Methods you probably don't need to use
These are not meant for general consumption but are available anyway. Probably best to avoid them :)
- update_stats_pct
-
This method will force an update of the idle statistic.
- dump_stats
-
Print the string returned by stats to STDERR. This may be used in the run_on_update callback to see diagnostics as processes are run:
$pm->run_on_update(\&Parallel::ForkManager::Scaled::dump_stats)
EXAMPLES
These examples are also provided in the examples/ directory of this distribution.
Maximize CPU usage
see: examples/prun.pl
Run shell commands that are passed into the program and try to keep the CPU busy, i.e. 0% idle
use Parallel::ForkManager::Scaled;
my $pm = Parallel::ForkManager::Scaled->new(
run_on_update => \&Parallel::ForkManager::Scaled::dump_stats
);
# just to be sure we can saturate the CPU
$pm->hard_max_procs($pm->ncpus * 4);
$pm->set_waitpid_blocking_sleep(0);
while (<>) {
chomp;
$pm->start and next;
# In the child now, run the shell process
system $_;
$pm->finish;
}
Dummy Load
see: examples/dummy_load.pl
This example provides a way to test the capabilities of this module. Try changing the idle_target and other settings to see the effect.

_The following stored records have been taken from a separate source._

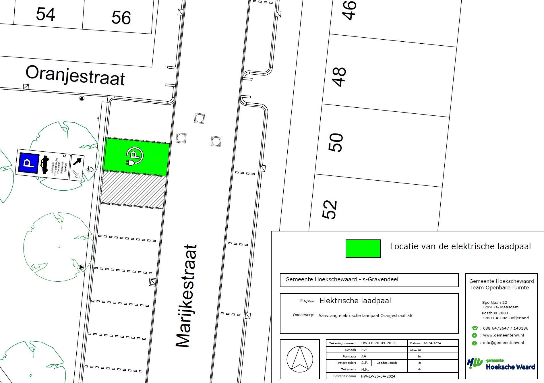 Twee parkeerplaatsen aan te wijzen voor het uitsluitend opladen van elektrische voertuigen, waarbij aanvankelijk slechts één parkeerplaats wordt geëffectueerd. Dit door middel van het plaatsen van het bord E8c van het RVV (Reglement Verkeersregels en Verkeerstekens 1990) voorzien van het onderbord met de tekst ” Uitsluitend voor elektrische voertuigen tijdens het opladen”.
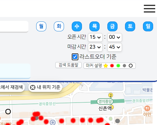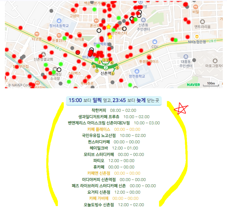 빨강색 동그라미는 설정된 시간에 열지 않는 곳이고,
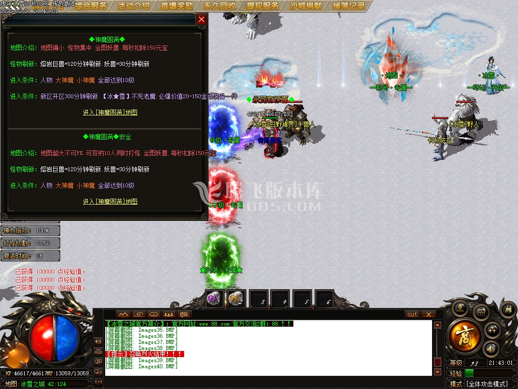 终极地图:共2层.1层怪物比较集中.2层地图超大安全区域不可PK.(可容纳10人同时打怪)
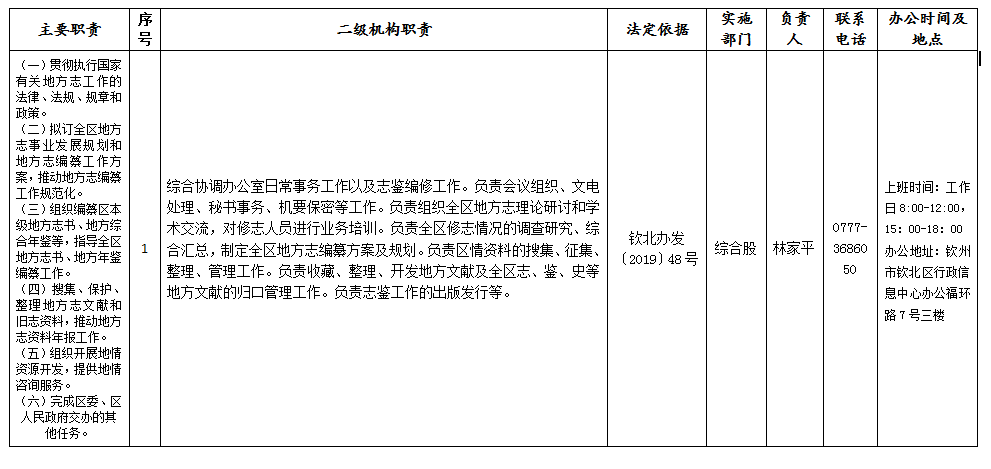 钦州市钦北区地方志编纂委员会办公室机构职能目录
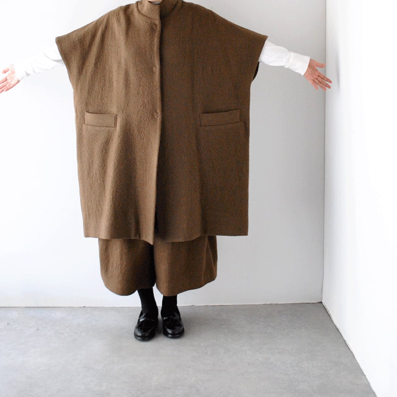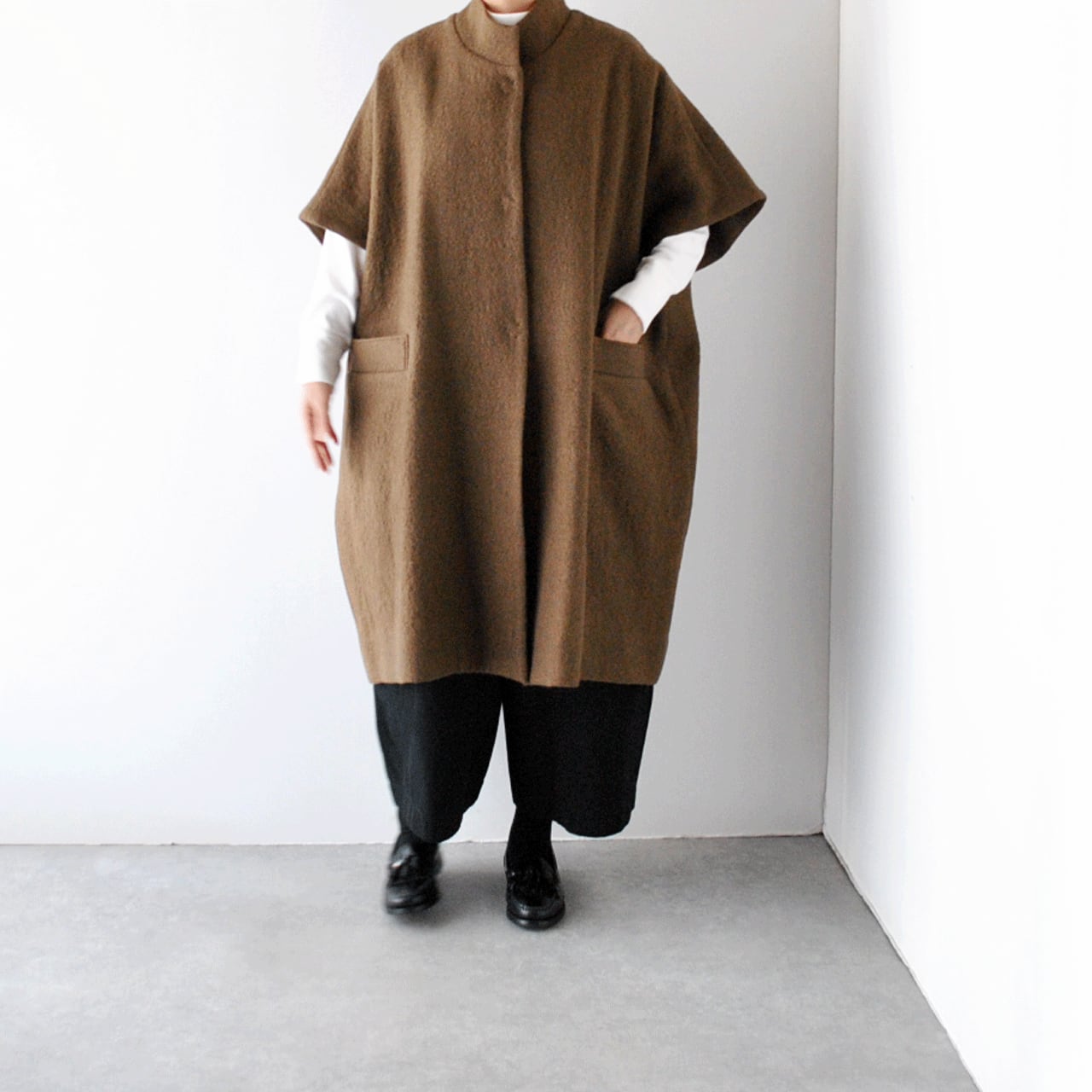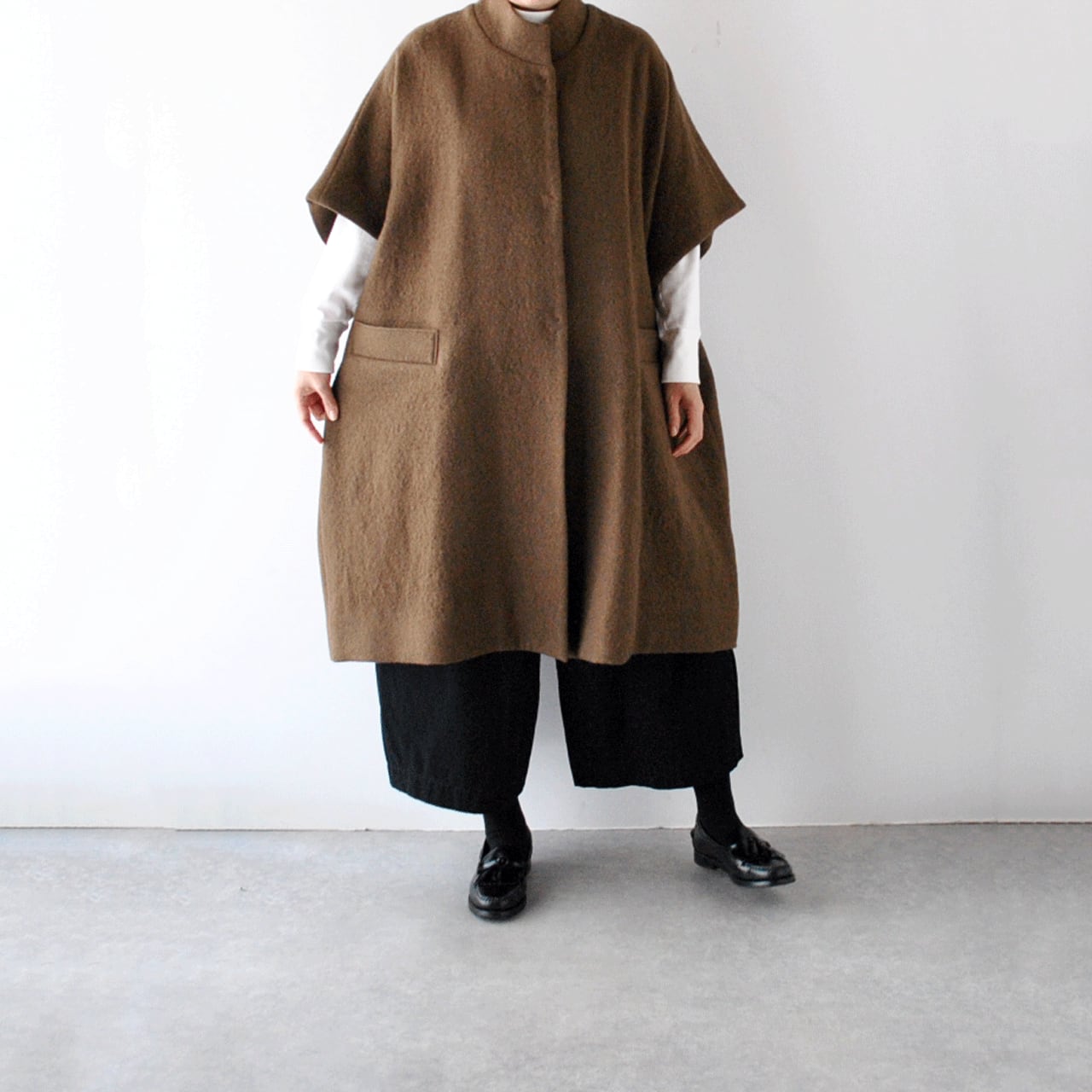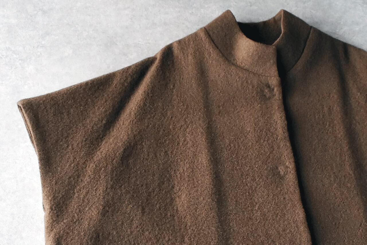 Atelier d'antanから、上質なイタリア産の縮絨ウールで仕立てたショートスリーブコート「テュルク」が入荷しました。ゆったりとした広い身幅でベストのようにざっくりと着ていただけるデザインがとってもこなれた印象で、全体のコーディネートを何とも言えない良い雰囲気とバランスに仕上げてくれますよ。ふっくらとした質感で着心地も軽く、スナップ式の前ボタン、滑りのよいキュプラの裏地付きで着脱もストレスフリー。ダンタンらしい絶妙なニュアンスを感じていただけるオススメの一枚です。

use Parallel::ForkManager::Scaled;
my $pm = Parallel::ForkManager::Scaled->new(
run_on_update => \&Parallel::ForkManager::Scaled::dump_stats,
idle_target => 50,
);
$pm->set_waitpid_blocking_sleep(0);
for my $i (0..1000) {
$pm->start and next;
my $start = time;
srand($$);
my $lifespan = 5+int(rand(10));
# Keep the CPU busy until it's time to exit
while (time - $start < $lifespan) {
my $a = time;
my $b = $a^time/3;
}
$pm->finish;
}
NOTES
Currently this module only works on systems where Unix::Statgrab is available, which is probably any system where the libstatgrab library can compile.
AUTHOR
Jason McCarver <slam@parasite.cc>
SEE ALSO
COPYRIGHT AND LICENSE
This software is copyright (c) 2016 by Jason McCarver
This is free software; you can redistribute it and/or modify it under the same terms as the Perl 5 programming language system itself.